The Design And Implementation Of CUDA-Based Ray Tracing Renderer

Compared with the traditional raster rendering, ray tracing renderer can easily render a more realistic three-dimensional images relying on simple physical principles. However, due to the need to simulate the actual transmission of light, the amount of computation required by the ray tracing rendering algorithm is very large, which restricts the application of interactive or real-time ray tracing in the field of PC. NVIDIA’s CUDA unified computing architecture platform makes the calculation procedure formerly based on the CPU can easily take advantage of the GPU’s massively parallel computing power to obtain substantial performance improvement. The ray tracing algorithm itself is a good example of parallel computing.

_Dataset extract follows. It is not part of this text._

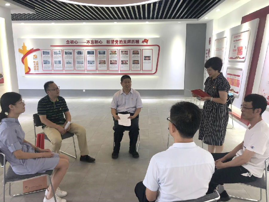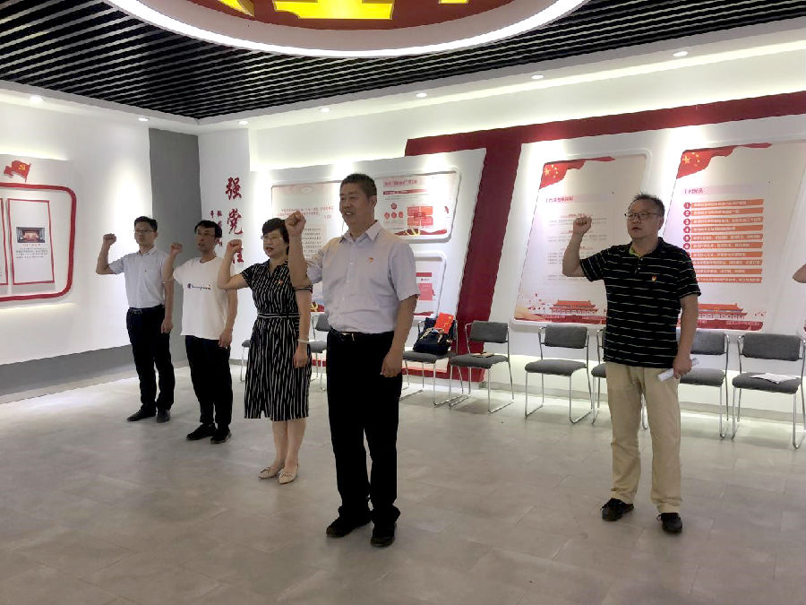 全体党员在党旗下重温入党誓词,忆入党初心、立为民为党担当之志,坚定了走在前列、出色完成各项工作任务的信心和决心。(组织人事处党支部)
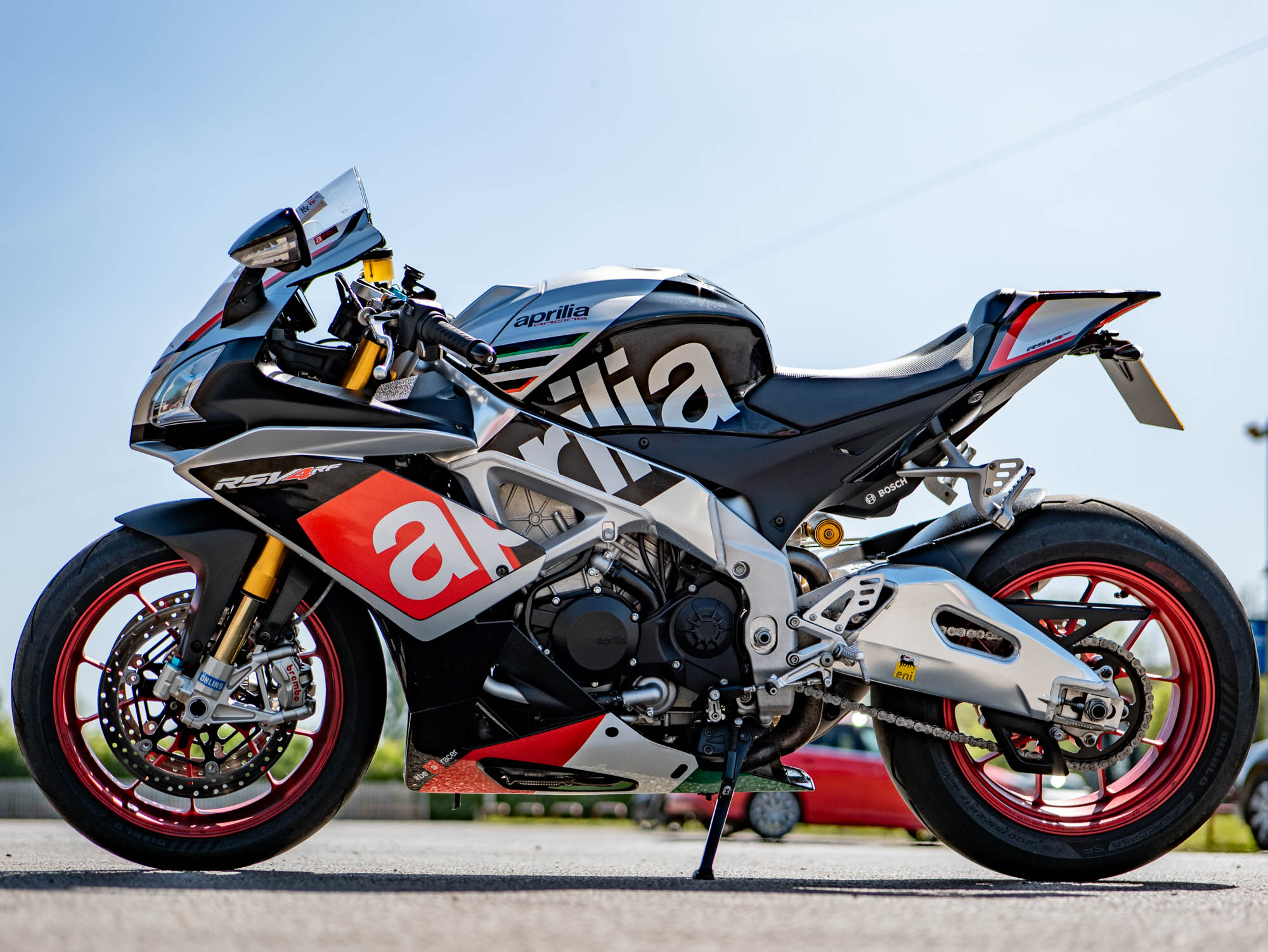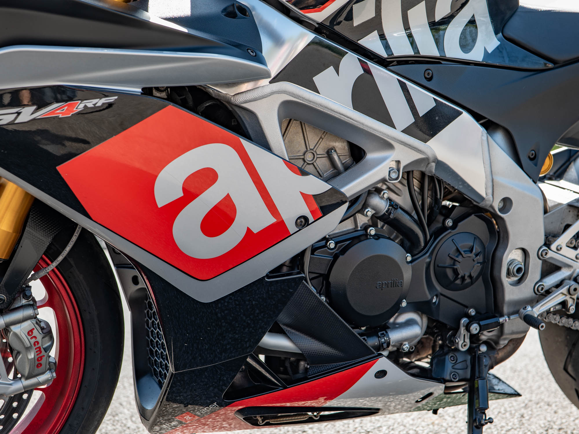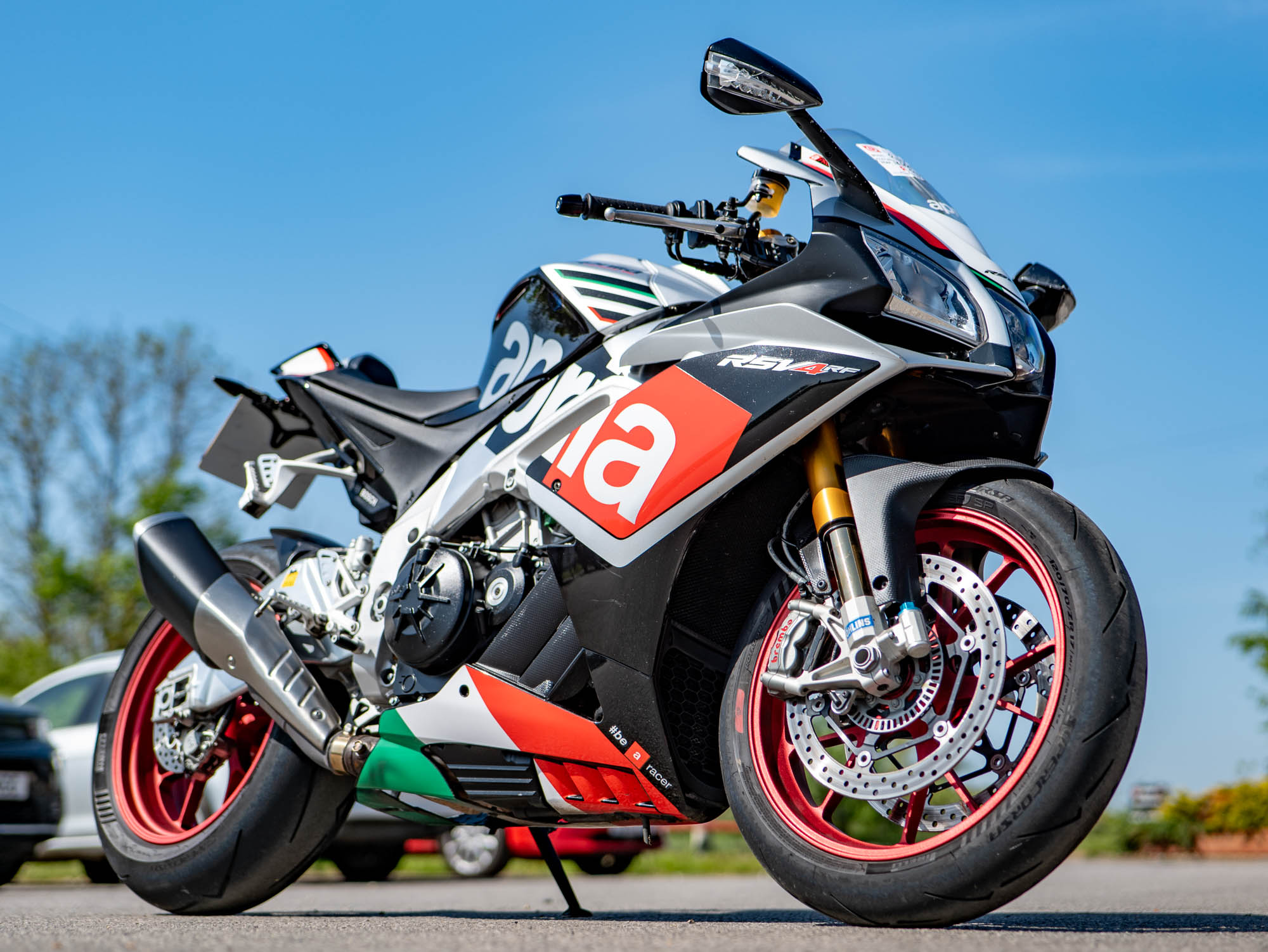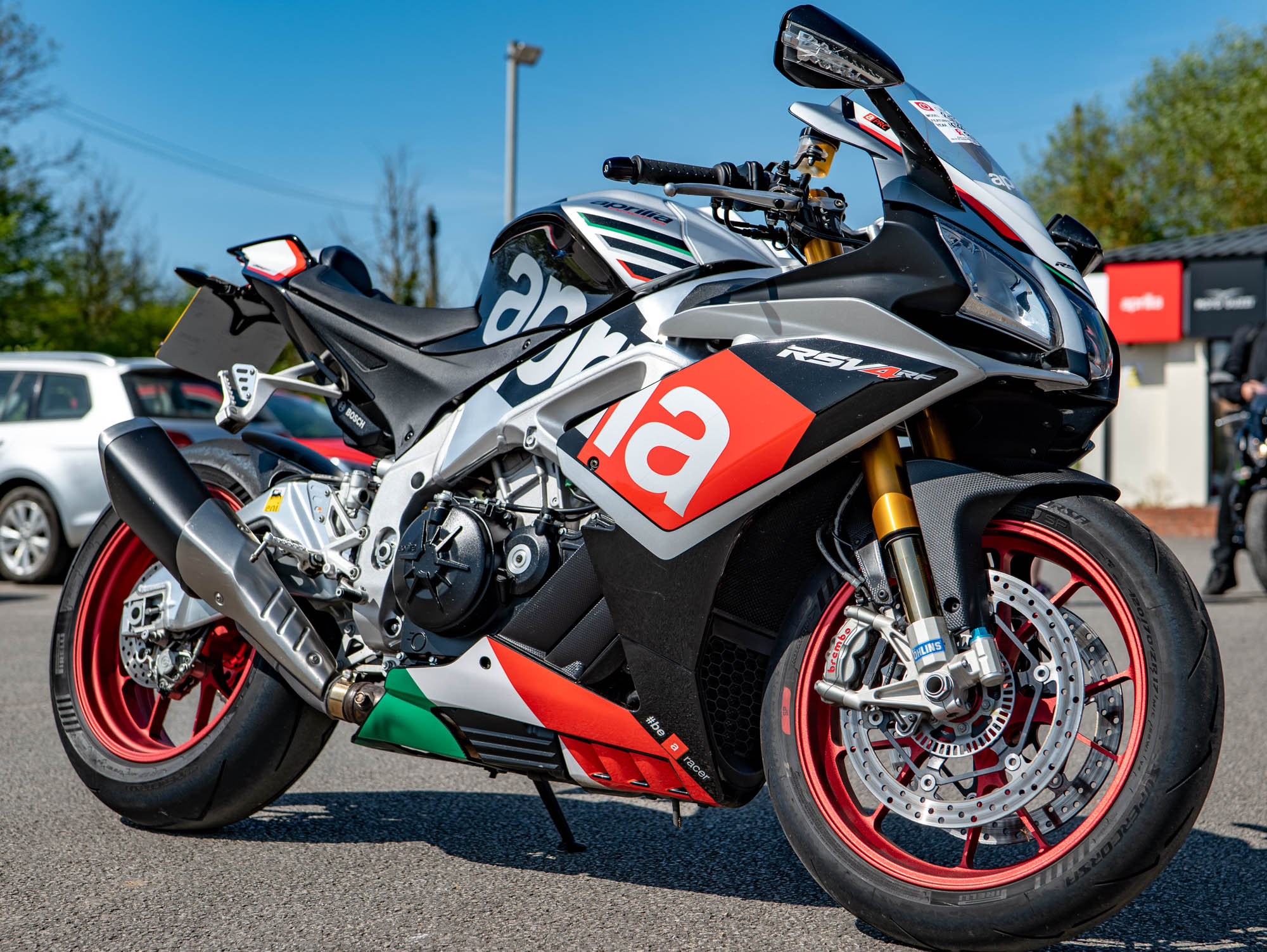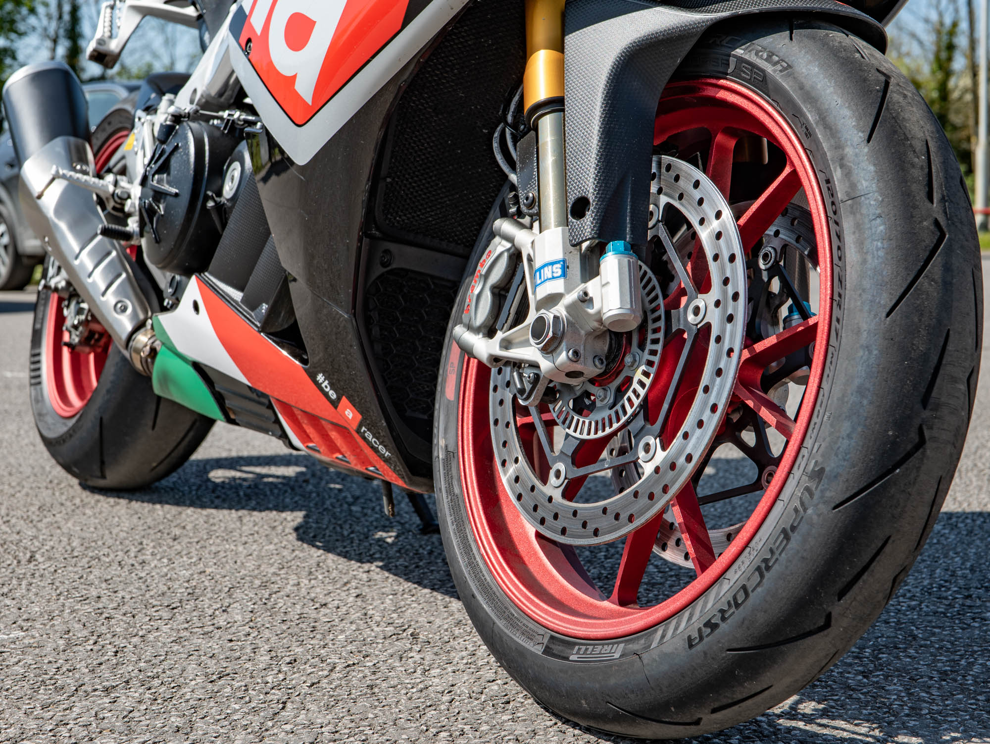 As the top-of-the-range 'RF' model, it features premium components including fully adjustable Öhlins front forks, rear shock, and steering damper, powerful Brembo brakes, and lightweight forged aluminium wheels.

This paper studied the realization of a traditional ray tracing renderer on CUDA platform, and made analysis and optimization to its performance.Firstly, a traditional CPU-based ray tracing renderer is designed and implemented using object-oriented principle. The ray tracing renderer can render diffuse color based on the Phone simple illumination model, and recursively track the specular reflection light and refraction light and calculate their colors. Next, the running of object-oriented programs on CUDA platform is studied. A method is given to solve the issues related to the object data storing in CUDA memory. This paper designs the overall structure of a CUDA ray tracing renderer, and gives a non-recursive ray tracing algorithm based on a custom stack on the CUDA platform on which recursive function is not supported. The ray tracing renderer is then completely transplanted onto the CUDA platform.Finally, the running performance of CUDA ray tracing renderer is analysis, and is optimized on the aspects of data transferring and memory accessing. In this paper, CUDA and OpenGL graphics interoperable ability is used to avoid the frequent transferring of the temporary image data between CPU and GPU so that the bandwidth could be saved. This paper also studies object data storing in the constant memory. All the static scene data is successfully copied to the constant memory. The restriction of access patterns of the global memory is broken, and the access speed of the scene data is accelerated. After optimization, the running performance of the CUDA ray tracing renderer has been greatly improved.